Set down the final stretch of the data, from the line that holds "Cassetta Postale Parete" through the last line, both included, with pictures left out.
----- Dataset extract
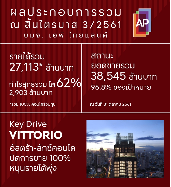 เอพีประกาศความสำเร็จรายได้รวม ณ สิ้นไตรมาส 3 ปี 2561 พุ่งขึ้นสูงสุดเป็นประวัติการณ์กว่า 27,110 ล้านบาท ผลจากการที่สินค้าแนวราบและคอนโดโตต่อเนื่องชูไฮไลต์เด็ดประจำไตรมาส VITTORIO อัลตร้า-ลักซ์คอนโดมิเนียม คีย์ไดรฟ์สำคัญหนุนรายได้พุ่งหลังปิดการขายทั้งโครงการ ด้านกำไรสุทธิรวม โตขึ้น 62% หรือกว่า 2,900 ล้านบาท ยอดขายรวม 10 เดือนคิดเป็น 38,540 ล้านบาท โค้งสุดท้ายของปีเดินหน้าเปิดโครงการใหม่ต่อเนื่อง มั่นใจสิ้นปีเตรียมยิ้มรับยอดขายที่คาดว่าจะทะลุเป้าอีกครั้ง
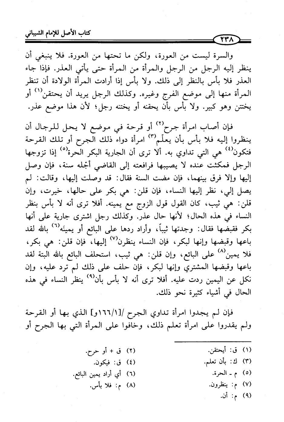 فإن أصاب امرأة جرح (¬2) أو قرحة في موضع لا يحل للرجال أن ينظروا إليه فلا بأس بأن يعلّم (¬3) امرأة دواء ذلك الجرح أو تلك القرحة فتكون (¬4) هي التي تداوي به. ألا ترى أن الجارية البكر الحرة (¬5) إذا تزوجها الرجل فمكثت عنده لا يصيبها فرافعته إلى القاضي أجّله سنة، فإن وصل إليها وإلا فرق بينهما، فإن مضت السنة فقال: قد وصلت إليها، وقالت: لم يصل إلي، نظر إليها النساء، فإن قلن: هي بكر على حالها، خيرت، وان قلن: هي ثيب، كان القول قول الزوج مع يمينه. أفلا ترى أنه لا بأس بنظر النساء في هذه الحال؛ لأنها حال عذر. وكذلك رجل اشترى جارية على أنها بكر فقبضها فقال: وجدتها ثيباً، وأراد ردها على البائع أو يمينَه (¬6) بالله لقد باعها وقبضها وإنها لبكر، فإن النساء ينظرن (¬7) إليها، فإن قلن: هي بكر، فلا يمين (¬8) على البائع، وإن قلن: هي ثيب، استحلف البائع بالله البتة لقد باعها وقبضها المشتري وإنها لبكر، فإن حلف على ذلك لم ترد عليه، وإن نكل عن اليمين ردت عليه. أفلا ترى أنه لا بأس بأن (¬9) ينظر النساء في هذه الحال في أشياء كثيرة نحو ذلك.
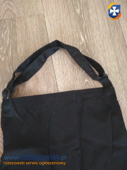 Sprzedam fartuch gastronomiczny, kelnerski czarny z regulacją na szyi, rozmiar uniwersalny, używany, niezniszczony.szer 68, dł 91 ( nie licząc paska na szyję), dł pasków bocznych 89. Cena 10 zł. Do odbioru osobistego w Rzeszowie.
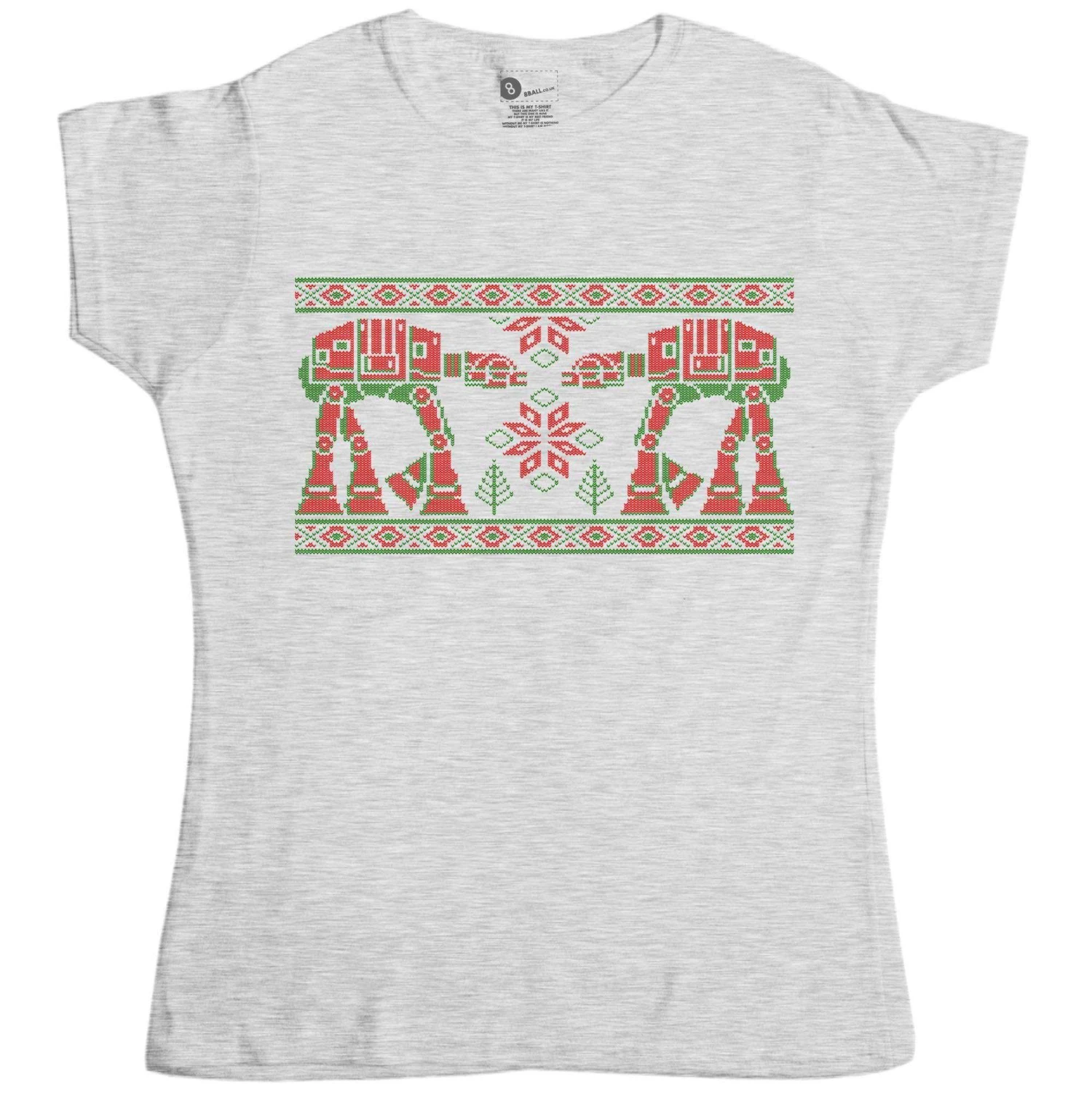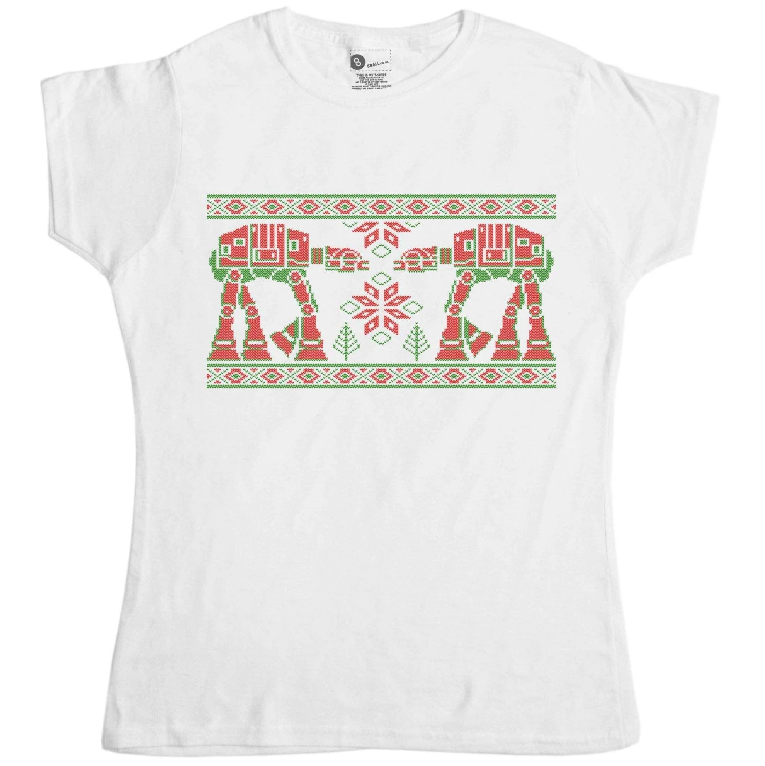 Here’s a great t-shirt for ladies in a festive mood who love the galaxy far, far away! Featuring a print that looks like a knitted sweater and shows two shambling snow walkers, this tee will put you in festive spirits while advertising which sci fi movies you like best! This is an original design, not officially licensed merchandise.
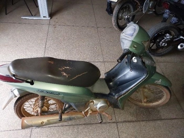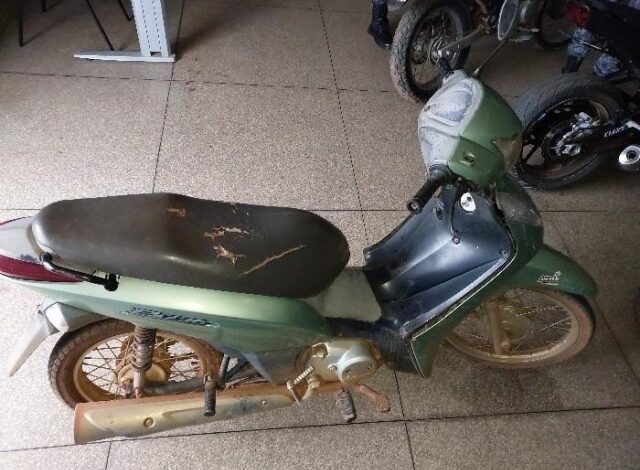 Já no período da tarde, por volta das 16h54, uma guarnição do Patamo localizou uma motoneta em outra casa abandonada, situada na Rua 310, no bairro Parque Industrial Tancredo Neves. Em meio à vegetação, foi encontrada uma Honda Biz 125 ES, de cor verde, placa NCW-4886, escondida entre o mato, em circunstâncias que indicavam tentativa de ocultação.
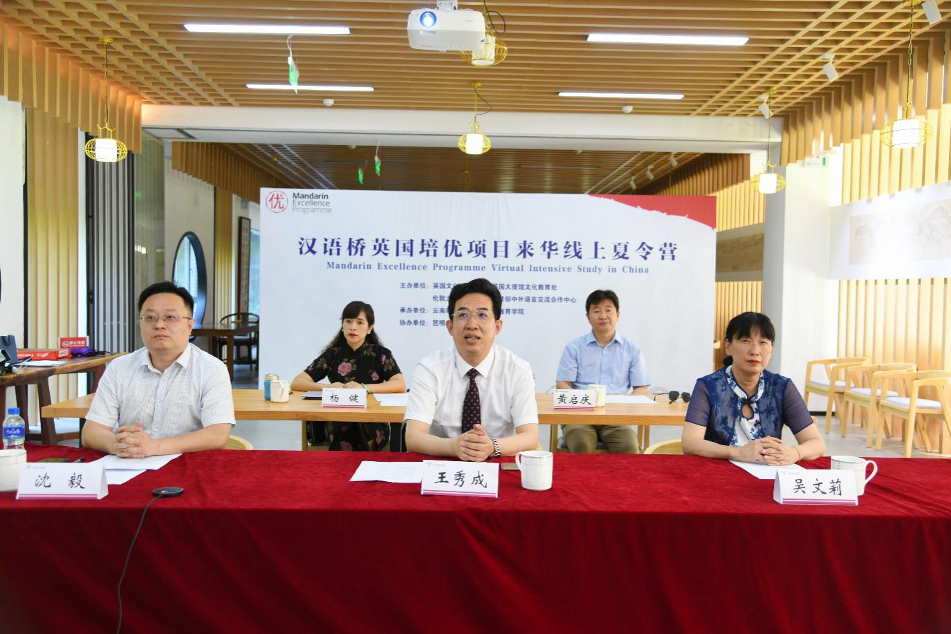 国际汉语教育学院作为具体实施学院在闭幕式第二阶段开通直播分会场,举办了闭幕式第二阶段结营典礼。学院领导、授课教师、助教、汉推基地办公室工作人员,昆明市五华区云铜中学教师、学生代表,以及英方教师、学生代表参加。
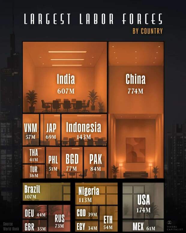 Инфографика: В каких странах мира больше всего рабочей силы / © Visual Capitalist Рабочая сила — важный показатель демографии и экономического потенциала. По данным Всемирного банка, Азия доминирует в мировой рабочей силе. Именно в Азии расположены две страны с наибольшим количеством работников — Китай (774 миллиона) и Индия (608 миллионов).
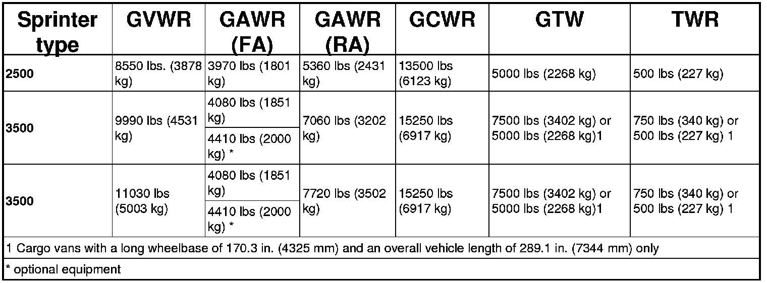 CAUTION: Cargo vans with a long wheelbase of 170.3 in (4325 mm) and an overall vehicle length of 289.1 in. (7344 mm) have a reduced GTW and TWR.
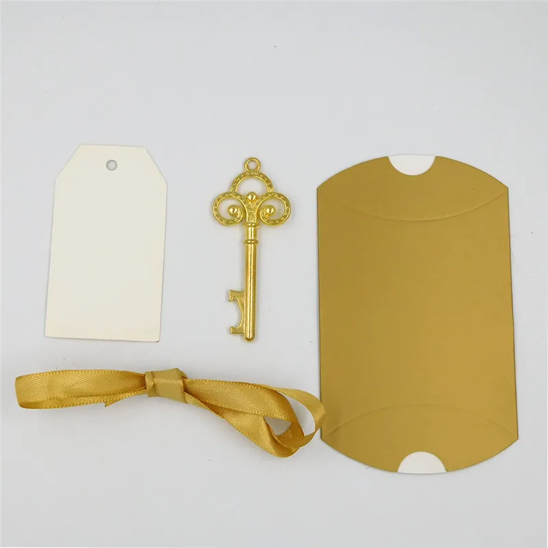 Материал: 250 г белый картон + цинковый сплав Вес: 750 г/50 комплектов Размеры: открывалка для бутылок 2,8x6,8 см подушка бант 11.5x7cm Цвет: золото. Серебристый Количество: 100 комплектов (100 шт. бантик для подушки + 100 шт. открывалка для бутылок + 100 шт. карточка для сообщений + 100 шт. лента) Использование: Эти вечерние подарочные пакеты элегантны и важны, изготовлены из золотой или Серебристая Подушка-коробка для конфет в сочетании с открывателями для бутылок в форме ключа, завязанными изящной лентой, а также белыми подарочными бирками. Этот уникальный подарок souvernir обязательно удивит ваших друзей и гостей. Показано на картинке
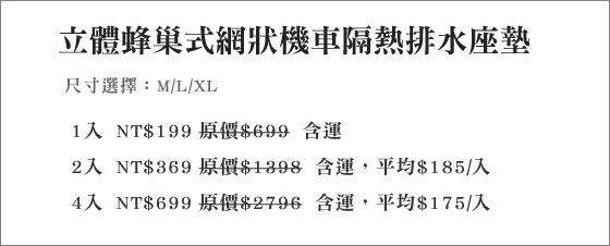 17Life團購網 部落客大推薦~~宅配火燒屁屁的痛苦別等到坐上機車才後悔!3D立體蜂巢式網狀隔熱通風、排水性佳,安裝方便,美觀舒適又耐用!
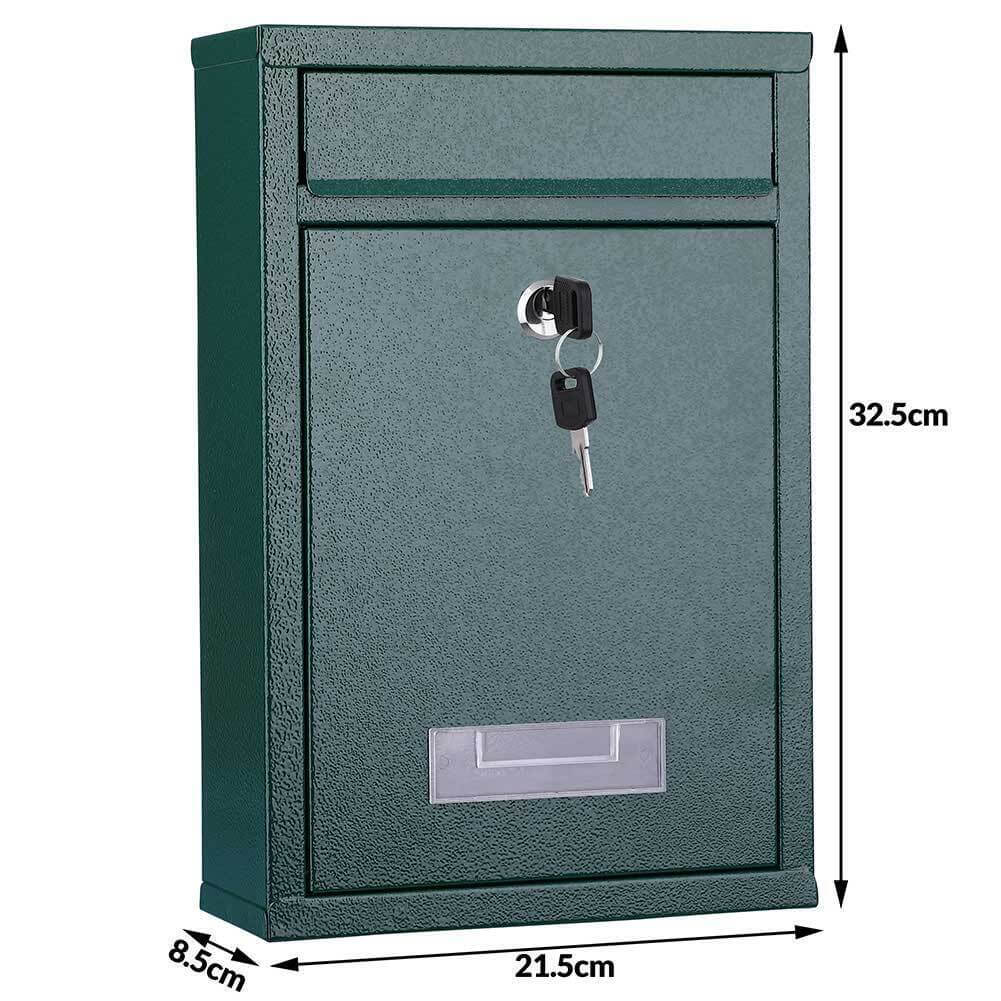 Cassetta Postale Parete in Acciaio Buca Lettere Posta Esterno con Chiave Verde
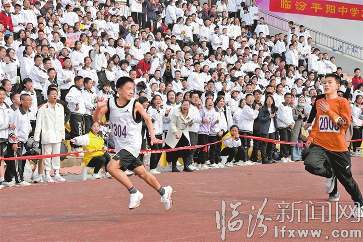 临汾新闻网讯 青春启航,未来可期。近日,临汾平阳中学举行了秋季运动会,通过多样化的比赛形式,丰富学生的校园文化生活,促进他们德智体美全面发展。图为100米短跑比赛现场。(李子闻 摄)
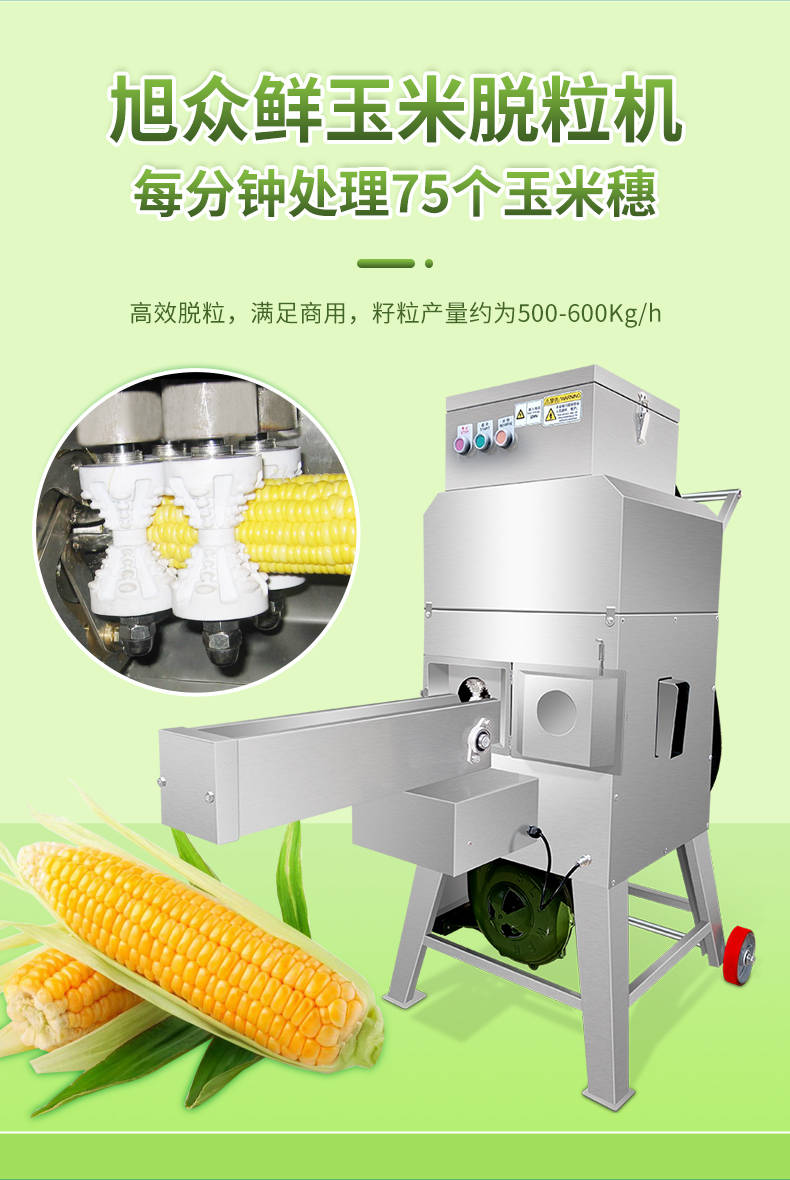XZ-T138玉米脱粒机,鲜玉米脱粒机,高效脱粒。用于新鲜甜糯玉米脱粒工作,能很方便地把籽粒与梗杆分离。入料方便、脱净率高、不碎粒不烂芯。每分钟处理75个玉米穗。高效脱粒,满足商用,籽粒产量约为500-600Kg/h
----------
• Task answer:
 Cassetta Postale Parete in Acciaio Buca Lettere Posta Esterno con Chiave Verde
 临汾新闻网讯 青春启航,未来可期。近日,临汾平阳中学举行了秋季运动会,通过多样化的比赛形式,丰富学生的校园文化生活,促进他们德智体美全面发展。图为100米短跑比赛现场。(李子闻 摄)
XZ-T138玉米脱粒机,鲜玉米脱粒机,高效脱粒。用于新鲜甜糯玉米脱粒工作,能很方便地把籽粒与梗杆分离。入料方便、脱净率高、不碎粒不烂芯。每分钟处理75个玉米穗。高效脱粒,满足商用,籽粒产量约为500-600Kg/h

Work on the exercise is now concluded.